The main finding of our research is a comprehensive rejection of the Phillips curve as conventionally estimated using average expectations alone. Statistical tests confirm that information in the distribution of year-ahead expectations is systematically linked to inflation. Correctly reckoning for distributions is also found to eliminate the effect of lagged inflation, or ‘intrinsic persistence’, a feature of the Phillips curve that is commonly thought to improve its empirical performance but which has only lukewarm theoretical support.
The association between the distribution of expectations and actual inflation is robust to using monthly or quarterly data, considering different sample periods, and including the usual controls for supply factors. Our main results use household survey data, to exploit the long time series available (the advent of firm surveys is too recent for us to use), but they remain when using Survey of Professional Forecasters data and when using UK rather than US data.
COVID-19 inflation
The heterogeneous beliefs Phillips curve may be a useful lens through which to view the role that inflation expectations played during the period of elevated price inflation post-COVID-19. We use it to compute the contributions of household expectations to US inflation since the onset of the COVID-19 pandemic in a model that includes both long- and short-term expectations.

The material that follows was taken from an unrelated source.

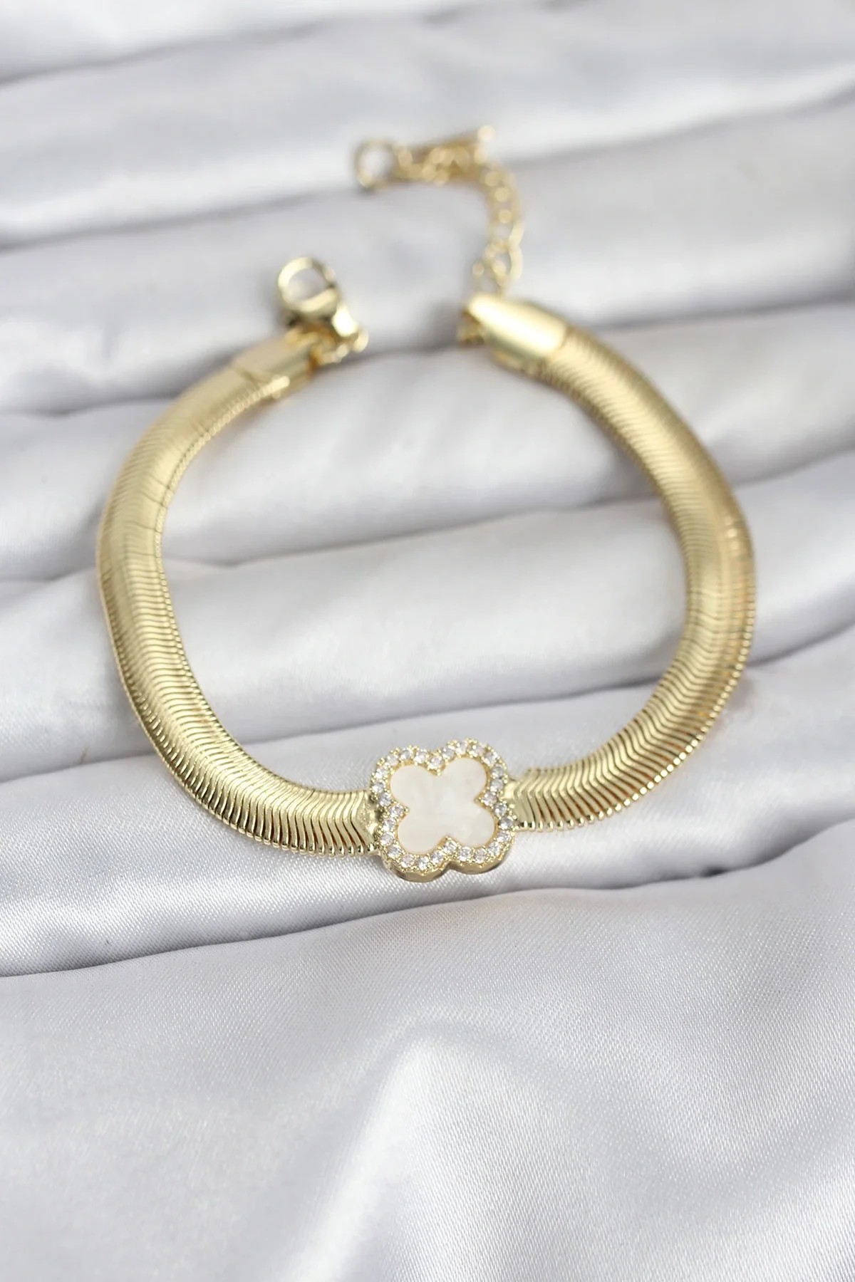 316L Çelik Gold Renk Beyaz Yonca Model Zirkon Taşlı Yılan Zincirli Kadın Bileklik

We normalise the contributions to be zero in January 2020. Figure 3 illustrates the outcome of this ‘regression accounting’. Together, these components added more than 4 percentage points to inflation by March 2022.

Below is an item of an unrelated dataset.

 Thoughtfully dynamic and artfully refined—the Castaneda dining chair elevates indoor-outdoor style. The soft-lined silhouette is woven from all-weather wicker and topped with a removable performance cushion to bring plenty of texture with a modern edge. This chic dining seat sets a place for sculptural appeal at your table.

Figure 3 Contributions to fitted month-on-month CPI inflation
Notes: Contributions to fitted month-on-month CPI inflation due to (a) average Michigan survey expectation and (b) the distribution of survey expectation around the average in the heterogeneous beliefs Philips curve. Contribution are normalised to zero in December 2020.

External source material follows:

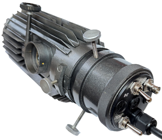 The DRI-SSL module is an LED light source used in schlieren and shadowgraph applications. The module can operate in two modes: continuous or pulsed up to 200 kHz. The LED power and wavelength are user-defined. The standard LED power is 150 W and the wavelength is 460 nm.

The lighter blue bars show the additional effects of the distribution of year-ahead expectations. The effects are sizeable: these components added a further 2 percentage points to inflation by the same period. The pick-up in longer-term beliefs mattered as well (green bars): the more dispersed and upward-skewed distribution in Figure 1 added another percentage point to inflation. According to the model, the belief that rising inflation would not prove transitory fed through to inflation itself.
Conclusion
There is a robust association between the distribution of household beliefs about future inflation and actual inflation. The usual approach of summarising survey beliefs by a single ‘consensus’ or average forecast is a misspecification which might be particularly problematic at times of macroeconomic disruption. Heterogeneity in expectations is not irrelevant noise: we show that it is important in explaining actual inflation dynamics, and it is found to be predictive of near-term inflation (Brandao-Marques et al. 2024). We hope that further model development will refine our understanding of the complex connection between inflation and distributions of expected inflation.